▸ **What needs to be done**: Leaving out every picture, retype the lines below from the top through the one that contains "A standout feature".

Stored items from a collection
_ _ _
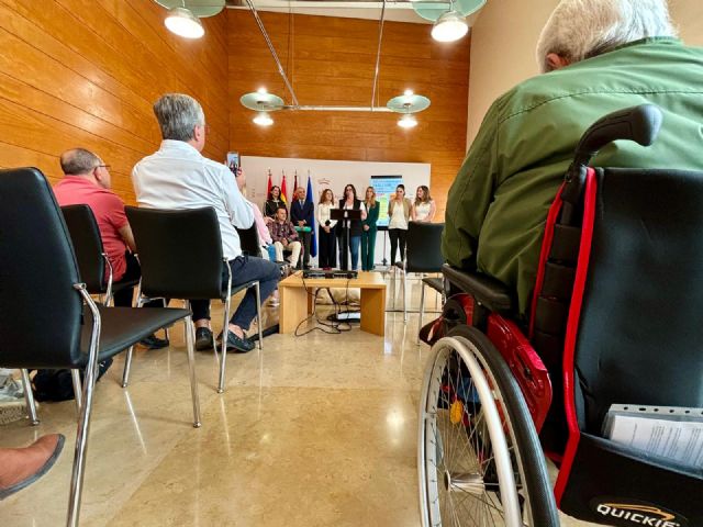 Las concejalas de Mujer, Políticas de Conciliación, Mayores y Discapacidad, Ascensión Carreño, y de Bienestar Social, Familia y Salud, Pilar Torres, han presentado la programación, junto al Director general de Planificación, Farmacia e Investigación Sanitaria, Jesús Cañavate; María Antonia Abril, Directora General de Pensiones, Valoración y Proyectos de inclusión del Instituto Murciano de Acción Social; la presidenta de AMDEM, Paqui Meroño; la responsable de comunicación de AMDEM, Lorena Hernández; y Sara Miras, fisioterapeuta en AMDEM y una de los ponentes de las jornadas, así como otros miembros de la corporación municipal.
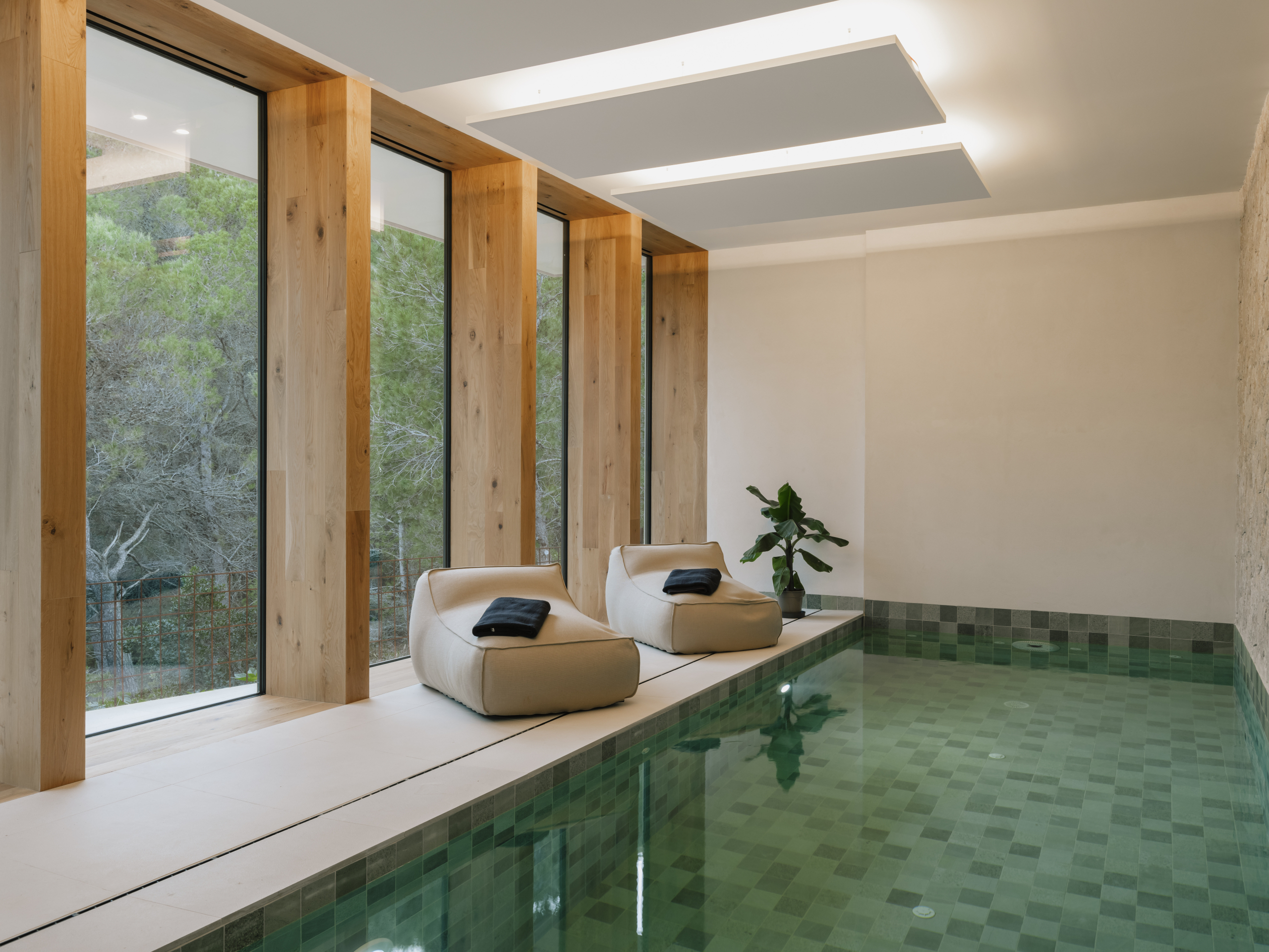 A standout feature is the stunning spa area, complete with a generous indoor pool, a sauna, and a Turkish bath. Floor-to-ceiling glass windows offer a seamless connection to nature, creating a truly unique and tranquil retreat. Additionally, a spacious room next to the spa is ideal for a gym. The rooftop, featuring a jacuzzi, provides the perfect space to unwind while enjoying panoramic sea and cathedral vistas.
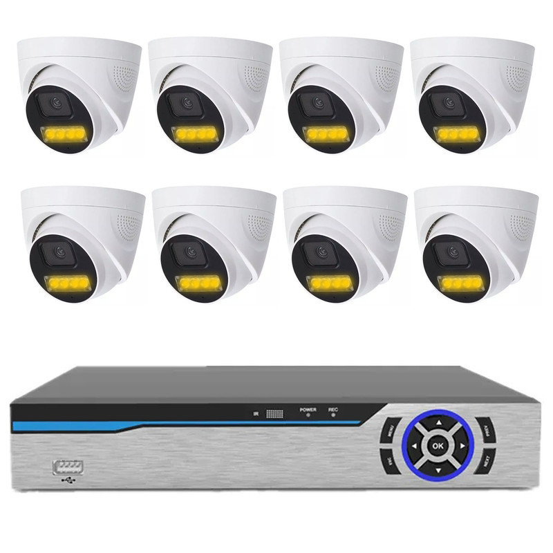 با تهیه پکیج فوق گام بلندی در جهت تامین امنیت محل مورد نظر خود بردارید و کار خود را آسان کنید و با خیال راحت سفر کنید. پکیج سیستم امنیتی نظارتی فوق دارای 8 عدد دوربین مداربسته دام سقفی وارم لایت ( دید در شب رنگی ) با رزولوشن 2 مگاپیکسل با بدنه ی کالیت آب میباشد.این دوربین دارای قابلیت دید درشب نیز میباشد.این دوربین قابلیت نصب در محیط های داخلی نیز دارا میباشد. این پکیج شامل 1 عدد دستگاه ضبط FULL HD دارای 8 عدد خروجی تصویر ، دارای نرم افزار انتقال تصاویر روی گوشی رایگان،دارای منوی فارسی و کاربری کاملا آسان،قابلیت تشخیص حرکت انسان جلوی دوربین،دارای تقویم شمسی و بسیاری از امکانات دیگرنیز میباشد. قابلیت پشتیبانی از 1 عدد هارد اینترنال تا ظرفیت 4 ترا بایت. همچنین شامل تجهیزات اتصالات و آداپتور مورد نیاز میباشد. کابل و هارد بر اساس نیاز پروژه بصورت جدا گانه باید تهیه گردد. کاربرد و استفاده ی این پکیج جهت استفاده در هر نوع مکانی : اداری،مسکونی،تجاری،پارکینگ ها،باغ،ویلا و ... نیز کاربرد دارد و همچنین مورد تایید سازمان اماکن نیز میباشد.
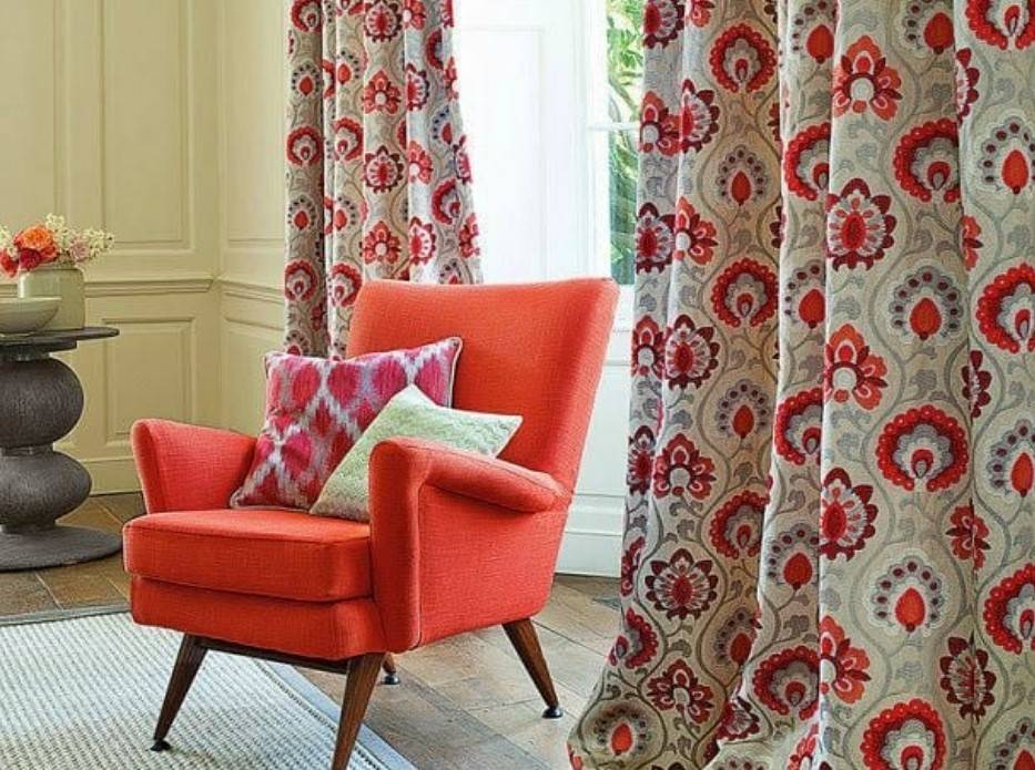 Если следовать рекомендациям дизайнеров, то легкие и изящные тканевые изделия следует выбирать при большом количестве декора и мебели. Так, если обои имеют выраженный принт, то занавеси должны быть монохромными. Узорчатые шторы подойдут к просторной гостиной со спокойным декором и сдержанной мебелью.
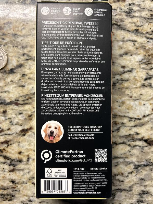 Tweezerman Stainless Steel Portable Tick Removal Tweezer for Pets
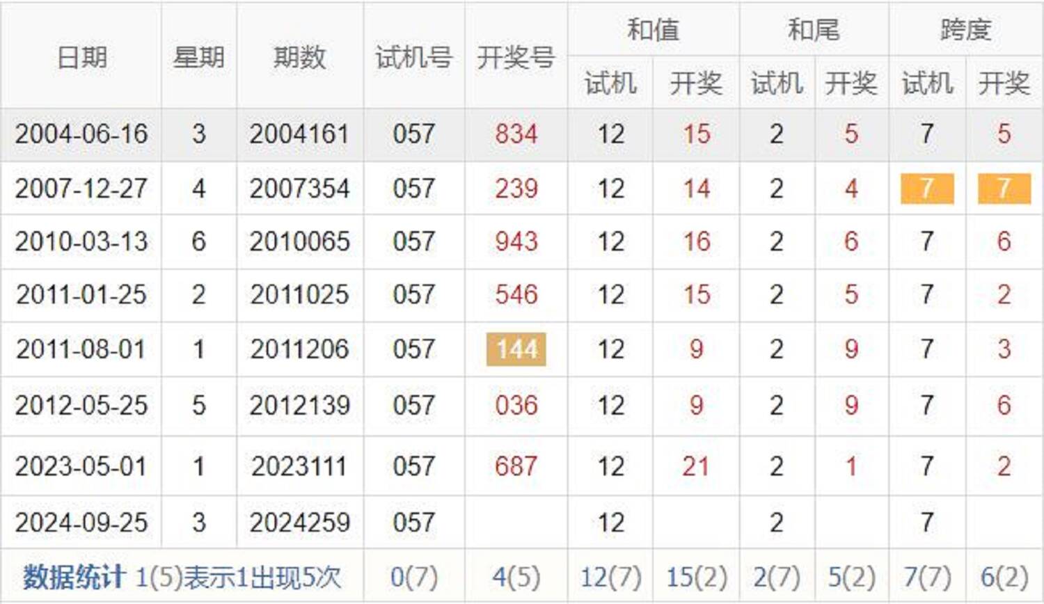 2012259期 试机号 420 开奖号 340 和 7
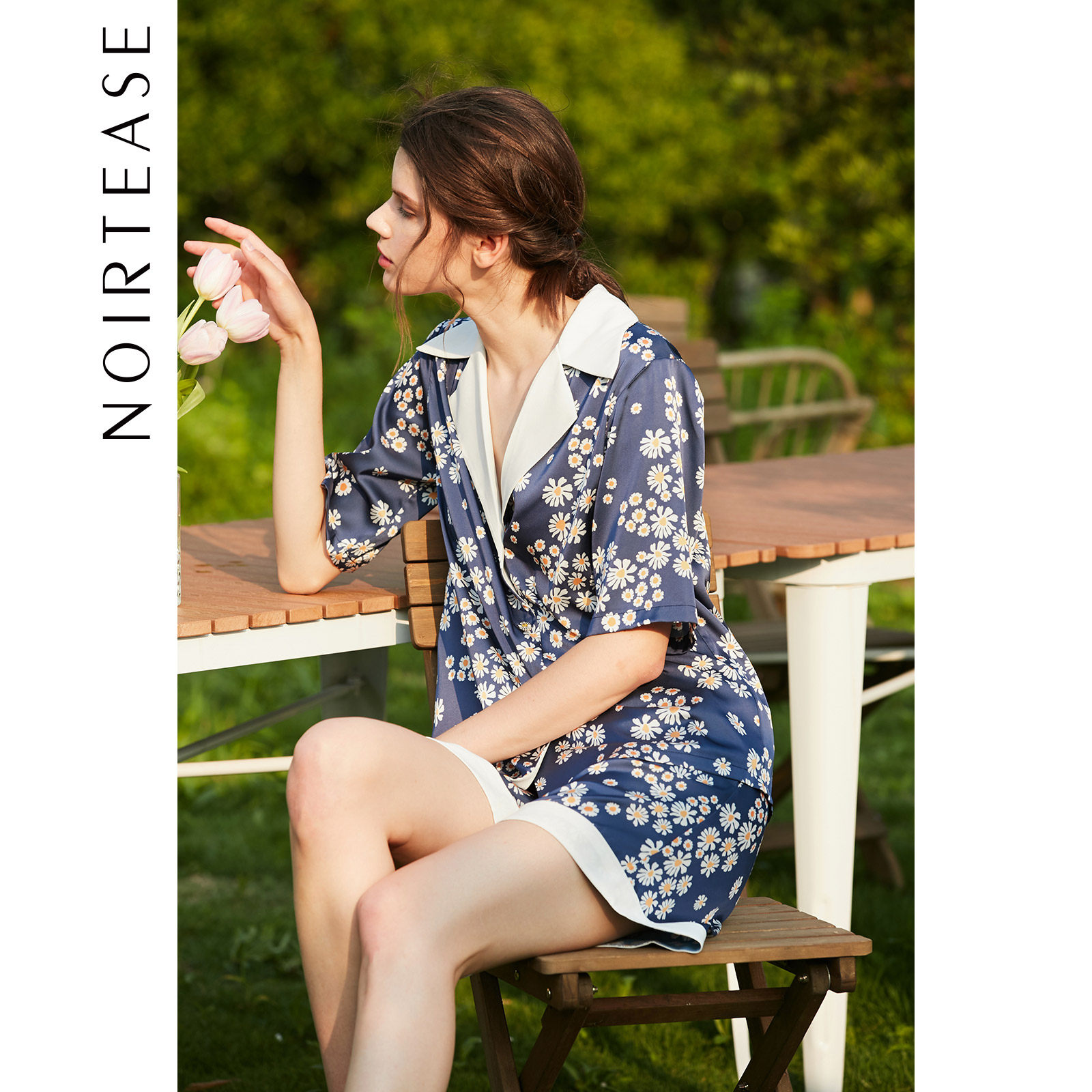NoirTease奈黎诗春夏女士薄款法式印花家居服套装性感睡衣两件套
_ _ _
▸ **Output of the task**:
 Las concejalas de Mujer, Políticas de Conciliación, Mayores y Discapacidad, Ascensión Carreño, y de Bienestar Social, Familia y Salud, Pilar Torres, han presentado la programación, junto al Director general de Planificación, Farmacia e Investigación Sanitaria, Jesús Cañavate; María Antonia Abril, Directora General de Pensiones, Valoración y Proyectos de inclusión del Instituto Murciano de Acción Social; la presidenta de AMDEM, Paqui Meroño; la responsable de comunicación de AMDEM, Lorena Hernández; y Sara Miras, fisioterapeuta en AMDEM y una de los ponentes de las jornadas, así como otros miembros de la corporación municipal.
 A standout feature is the stunning spa area, complete with a generous indoor pool, a sauna, and a Turkish bath. Floor-to-ceiling glass windows offer a seamless connection to nature, creating a truly unique and tranquil retreat. Additionally, a spacious room next to the spa is ideal for a gym. The rooftop, featuring a jacuzzi, provides the perfect space to unwind while enjoying panoramic sea and cathedral vistas.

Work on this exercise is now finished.